By Rana Shenawi
An Egyptian lawmaker, Elhamy Agina, called this past month for mandatory virginity tests for women before they could be admitted to a university in Egypt. According to Egyptian Streets, Agina said in an interview that female college applicants should not be eligible to receive higher education if they do not pass the virginity tests. These tests aim to combat customary marriages, known as “gawaz orfy” between students that involve a marriage without an official documentation and the public approval of the bride’s guardians. This type of marriage has become more popular in recent years because of high youth unemployment and a shortage of affordable housing, according to Alarabiya.net.
“The young couple sees a urfi marriage as a pragmatic solution,” sociologist Madiha Safty from the American University in Cairo told the BBC News. “[With regular marriages] the groom is supposed to give a gift of jewelry upon engagement, he has to pay a sum for his fiancee to prepare for her life in marriage and find a place to live,” said Dr. Safty. “At the same time she’s supposed to provide the furniture. Of course, people would also like to have a fancy wedding which can be quite expensive.”

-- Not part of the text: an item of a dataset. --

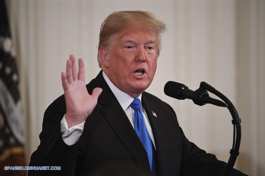 WASHINGTON D.C., noviembre 7, 2018 (Xinhua) -- El presidente estadounidense, Donald Trump, participa en una conferencia de prensa en la Casa Blanca, en Washington D.C., Estados Unidos, el 7 de noviembre de 2018. El presidente de Estados Unidos, Donald Trump, dijo el miércoles que almorzará con el presidente ruso Vladimir Putin, entre otros líderes, durante su viaje a París, pero que no se espera una reunión. (Xinhua/Hu Yousong)

Another member of parliament, Yousry Al Moghazy, told Egyptian Streets he also supports Agina’s demand for virginity tests saying, “In order to safeguard the country and our children and prevent prostitution, there has to be [a virginity test]. Girls need to know they can be subjected to the test any day.”
Agina’s views are not shared by everyone in the Egyptian Parliament. Fellow MP Mai Mahmoud explained to BuzzFeed News: “The Egyptian Constitution makes no distinction between men and women. So when an MP said that he wants to subject girls to virginity tests this is not only a distinction but discrimination.”
Egypt’s National Council for Women (NCW) also filed a legal complaint against Agina over his call for virginity tests for admission to Egyptian schools. Maya Morsi, the director of NCW, said the lawmaker was harming the reputation of Egyptian women, men and the country itself, as reported in The Washington Post.
Cairo University President Dr. Gaber Nassar also expressed his anger at Agina’s proposal. “I filed an official complaint to the general prosecutor against the MP for what he said which is a huge insult to our students and a mar to the reputation of parliament,” Nassar said on his Facebook page. Backlash from the push for mandatory virginity testing on female students has also erupted on social media. Mona Eltahawy, an Egyptian activist, tweeted, “I see Egyptian parliamentarian Elhamy Agina’s obsession with women’s vaginas continues.”
Agina also declared last month that women should undergo female genital mutilation (FGM) to “reduce their sexual desires” and “to stand by their men,” who are sexually weak. “If women are not circumcised, they will become sexually strong and there will be a problem,” an imbalance leading to divorce, he said. FGM exams continue to be a common practice in Egypt. A UNICEF report in 2013 found that 27.2 million women in Egypt have undergone FGM. “The [FGM] exam can be painful or make women feel humiliated or degraded,” said Laurence McCullough, an ethics and health policy researcher at Baylor College of Medicine in Houston.
“Health authorities worldwide should end the practice of ‘virginity testing’ in all cases and prohibit health workers from perpetuating this discriminatory and degrading practice,” said Liesl Gerntholtz, the director of Human Rights Watch in a statement. Forcing women to go through this unimaginably shameful process, is not only cruel, but also unethical, she added.
Egyptian women should not be punished and degraded “to save their marriages” and “to pursue their degrees” in Egypt. These two proposals are just the most recent examples of how some Egyptian men want to curtail the rights of women.